UK's Good Eggs of 2008

UK - Animal welfare group, Compassion in World Farming, are to release their 'good egg' awards tomorrow, naming those who are leading the battle in poultry welfare, and shaming those who are lagging behind.
calendar icon 28 April 2008
clock icon 3 minute read

Cadbury Creme Egg, Hellmann’s and The National Trust are among the UK’s leading brands to be named at the award ceremony in London which will be hosted by Joanna Lumley.

Joanna Lumley

“The Good Egg Award winners are abandoning eggs from battery cages in all sorts of products. From cakes to confectionary to mayonnaise, consumers looking for ethical eggs will finally be able to make that choice,” says Joanna Lumley who is fronting the campaign for Compassion in World Farming.

Award winners this year will effectively release over 10 million hens from cages, double the number released by Good Egg Award winners’ commitments last year. The awards have been set up by leading animal welfare group Compassion in World Farming to celebrate companies ditching the battery cage egg in favour of eggs from free-range or barn kept hens.

Receiving a 2008 Good Egg Award are: The National Trust, Cadbury Creme Egg, Bradford & Bingley, City Hall, The Cooperative Food, Country Style Foods Ltd, Hellmann’s UK, Leon restaurants, McDonald’s Europe, Unilever Europe, Restaurant Associates, Sainsbury’s, Subway, Tate, Transport for London, Waitrose, Hampshire County Council, Shropshire County Council, Halton Borough Council, Metropolitan Borough of Wirral and Croydon Council.

As the UK’s largest supermarket Tesco will receive the 2008 Rotten Egg Award for failing to make a commitment to rid their shelves of battery cage eggs. Tesco would free an estimated 1.3 million birds from cages each year if it moved to selling only barn and free-range eggs.

Although the consumer trend for free-range is growing steadily in the UK, 62 per cent of the UK hen flock is still kept in battery cages, ranking the UK fifth in a European league table. In some countries such as Spain and Portugal the figure rises to 97 per cent. “These awards make it clear that the food business is turning its back on battery cages,” says Philip Lymbery, Chief Executive of Compassion in World Farming.

He continues: “Pressure on producers to supply more barn and free-range eggs is mounting. The Good Egg Awards demonstrate a growing demand for ethically sourced eggs, currently led by some of the world’s biggest brands. Producers and food companies who’ve yet to ditch the cage need to wake up to this change and act now.
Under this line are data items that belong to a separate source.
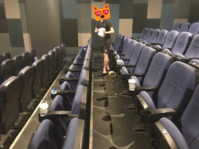 Xung quanh rạp cũng có rất nhiều vỏ hộp bỏng, lon nước,... được bỏ lại tuy nhiên không vung vãi như của nhóm bạn này nên bọn em không chụp nữa mà dọn nhanh cùng nhân viên rồi về. À có duy nhất 1 đôi bạn nữa là dọn đồ của mình còn lại thì không", dòng chia sẻ của tài khoản K.C trên mạng xã hội khiến nhiều người chú ý.
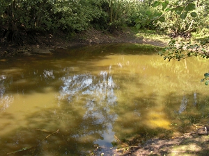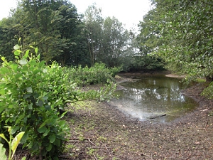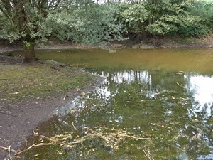 | Das einfallende Laub ist in dem Wasser vermodert - eine dicke Schlammschicht bedeckt den Gewässergrund, so dass mittlerweile alle Wasserpflanzen (bis auf vereinzelt ein paar Algen) abgestorben sind. Das Wasser ist trüb. | |
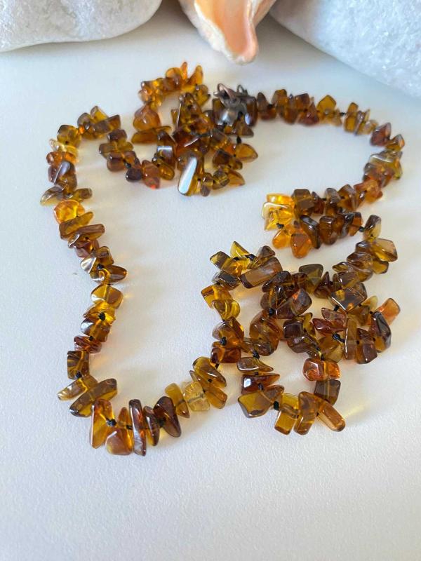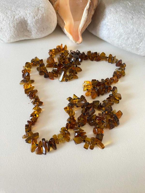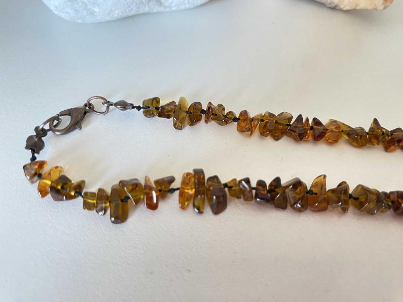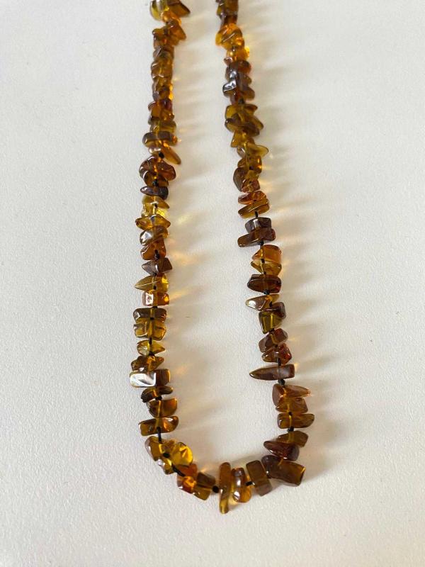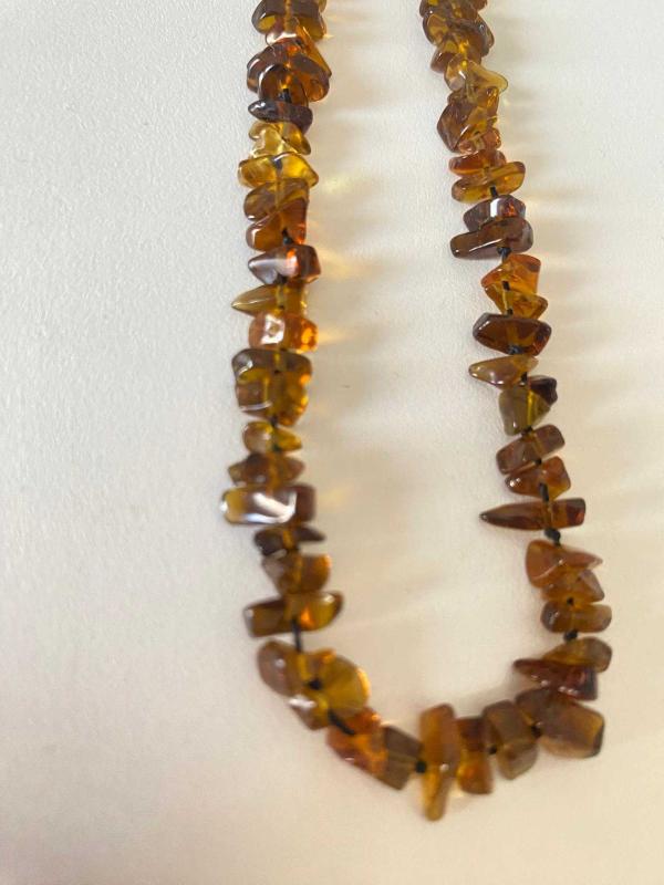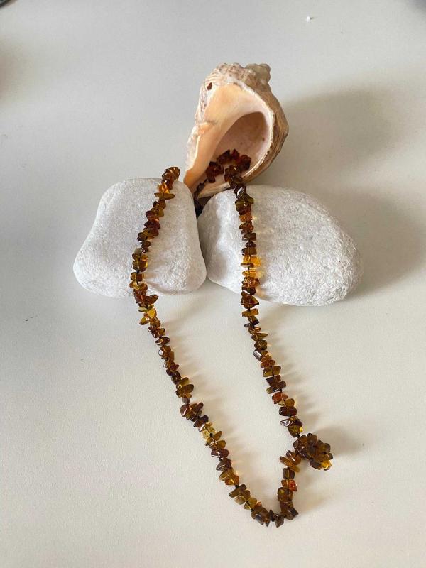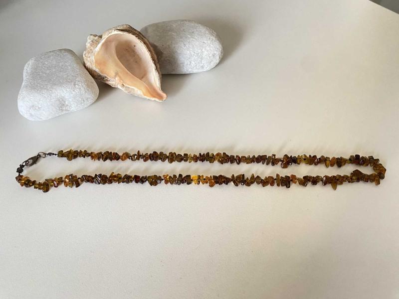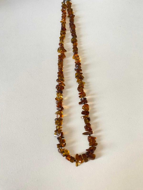 Bu ürün yaklaşık 50 yıllık tamamen sıra Kehribar kesme taşlardan yapılmıştır.Kolye olarak üretilmiştir.Artık bu taşlardan bulmak neredeyse imkansız.Baltik Kehribarı olarak ta geçiyor.Şeffaf görüntüsü ile muhteşem taşlar .Bir mücevher ustasının veya koleksiyonerlerin elinde çok daha değerli hale geleceğinden eminim.Taşların yaklaşık büyüklükleri 2-5 mm, kolyenin uzunluğu 50 cm dir..
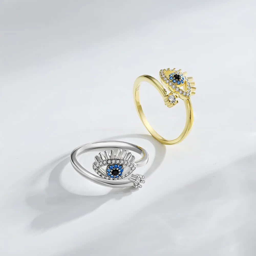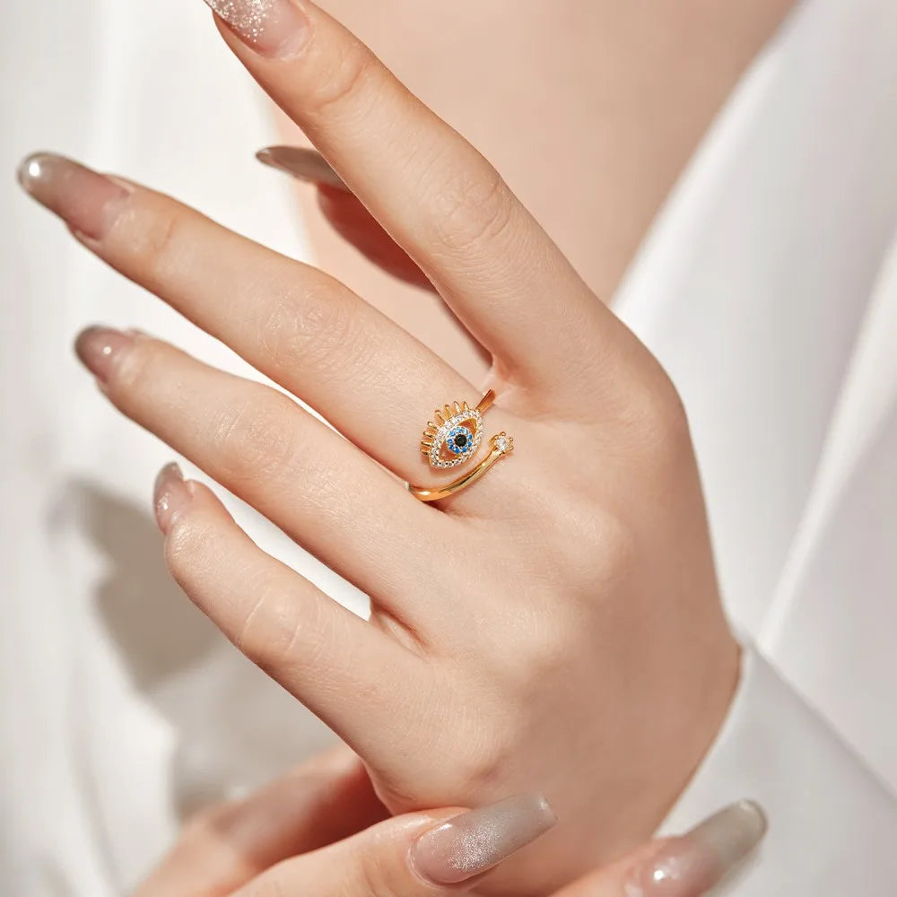 Aetolia Dainty Blue Turkish Devil Eyes Diamond Rings 925 Silver 18K Gold Plated Adjustable Statement Zircon Devil Eyes Rings For Women
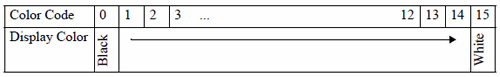 As shown below, display color code is stored in bits 0 to 3, and background color code is stored in bits 8 to 11. See the following for information about color codes.
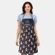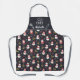 Cute dark grey family matching apron featuring a fun pattern with lovely cartoon snowmen with red and scarfs and red and black hats, and adorable little Santa Clauses, decorated with snowflakes, green and red holly leaves, and red and white candy canes. The caption on the upper part, decorated with a stylised whisk and rolling pin, reads Chef in white lettering and is customisable with your name.
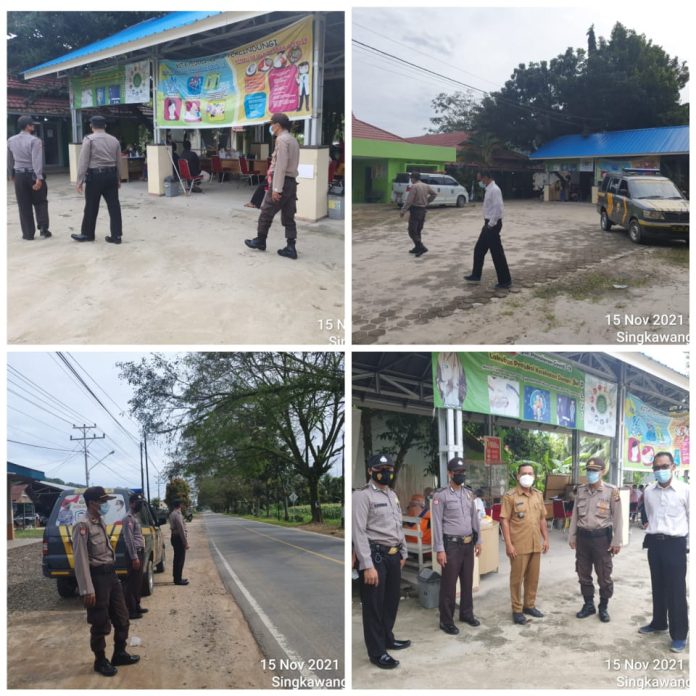Polres Singkawang-Polsek Singkawang Selatan. Agenda rutin dalam menciptakan situasi aman dan kondusif serta pencegahan penyebaran Covid 19, Patroli Polsek Singkawang Selatan Antisipasi Gangguan Kamtibmas ( GK ) dan memantau pelaksanaan Vaksin di Puskesmas Selatan I di Sedai.Senin ( 15/11/2021).
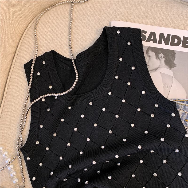 繊細なビジューが施された、華やかなダイヤモンドパターンのニットトップ。
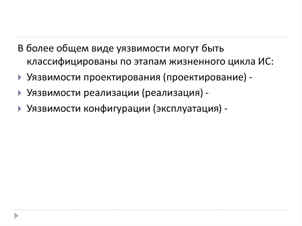 В более общем виде уязвимости могут бытьклассифицированы по этапам жизненного цикла ИС:
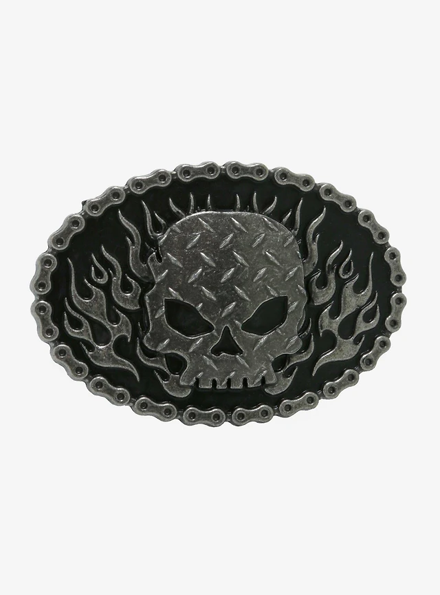 Flame Skull Single Belt Buckle
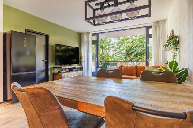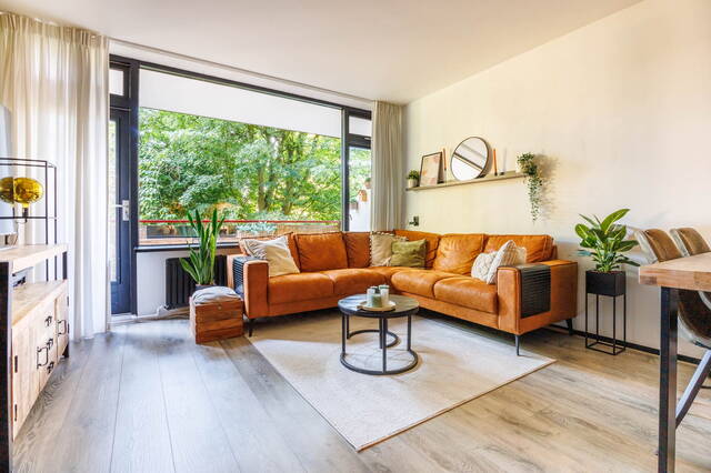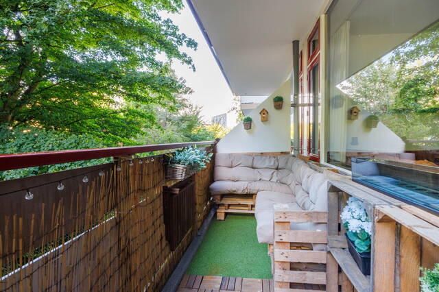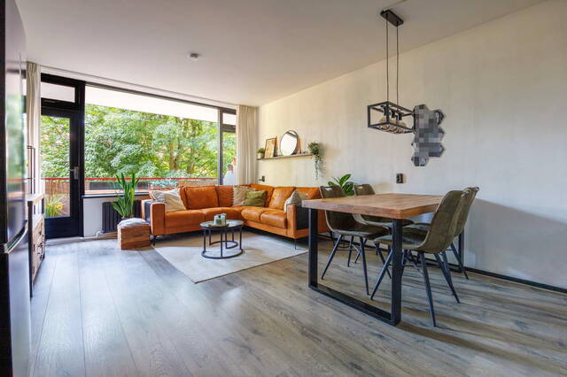 De ruime woonkamer geeft toegang tot het gezellige balkon met zicht op veel groen met mooie bomen waardoor je in de zomer veel privacy hebt.

Consumers no longer want to eat food that has been produced in cruel systems.” Joanna Lumley, patron of the charity concludes: “Battery cages are an outrage. But we can all help to consign them to the scrapbook of history. Let’s all commit to buying only free range eggs.”

Battery cages are small wire cages which prohibit many natural behaviours and provide a space per hen similar to an A4 sheet of paper.